Mathematicians will tell you chess is a two-person zero-sum game. If I win, you lose. If you win, I lose. If you draw, I draw as well. It’s also a game of total information: we both have complete information about what is happening and the location of all the pieces.
It’s a reasonable assumption that if God played God (assuming God is omniscient and plays perfectly at all times) the game would be a draw, and therefore that there is no first move that will give White a winning advantage. In the eyes of God, any position is either a win for White, a win for Black, or a draw: for God there’s no ‘slight advantage’, ‘unclear’ or ‘with compensation’.

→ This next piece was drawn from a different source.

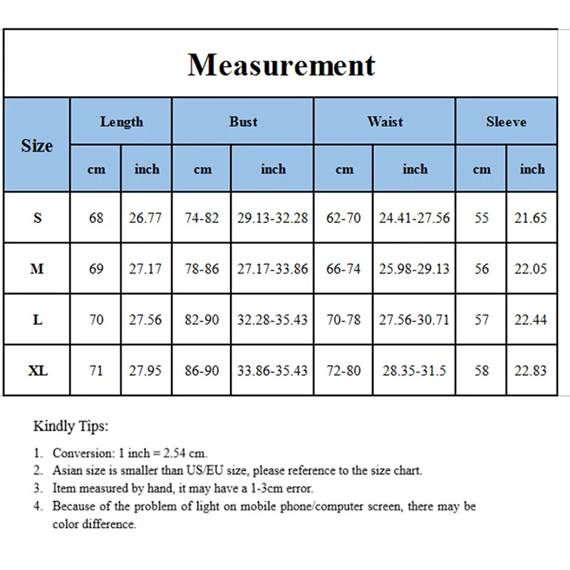 Особенности: 1 см = 0,393 дюйма, 1 дюйм = 2,54 см Размер Длина Бюст Рукав Талия | ||||||

In the unlikely event that I find myself sitting opposite Magnus Carlsen in my next Thames Valley League match, God will tell me at the start of the game that I have a drawn position. At some point, probably sooner rather than later, She’ll tell me I have a lost position. This will happen as a result of one of my moves, not as a result of one of Magnus’s moves. The move that swings the game in his favour may be brilliant, spectacular, extremely subtle, or very hard to find, but it will be my mistake, not Magnus’s rejoinder, that decides the game. You see, in mathematical terms, there are no good moves in chess, only acceptable moves and bad moves. Early on in the game each of us will have a choice of some moves which retain the status quo and other moves that lead to a lost position. Once I play a move that tips the balance in Magnus’s favour I will only be able to choose different ways of losing, some more tenacious than others. Magnus, on the other hand, will have some (or all) moves that retain a winning position, some (or no) moves which will turn the game into a draw and some (or no) moves which lose the game.
So how should this affect the way we teach chess? I tell my pupils that I’m not like other teachers. Other teachers will teach you how to play good moves, but I’ll teach you how not to play bad moves. If you never play any bad moves you’ll never lose. Carlsen, Houdini and Stockfish will hold no terrors for you.
Regular readers will be aware that I’m sceptical of the value of demonstrating master games to young children. That, given the way young children process information, this approach will either have no effect or leave your audience confused. What I prefer to do is demonstrate a game in which a clear mistake was made and explain what the mistake was and how to avoid it. I will often use games played by the children themselves: children find it easier to relate to or take an interest in games played by themselves or their friends. You can’t do this with complete beginners who are still playing random moves, but once children understand the underlying logic of chess and can, at least in theory, play a game without making simple oversights, this approach can be very effective. This is one reason why we get children at Richmond Junior Club to record their games and hand in the scoresheets once they’ve reached the appropriate level.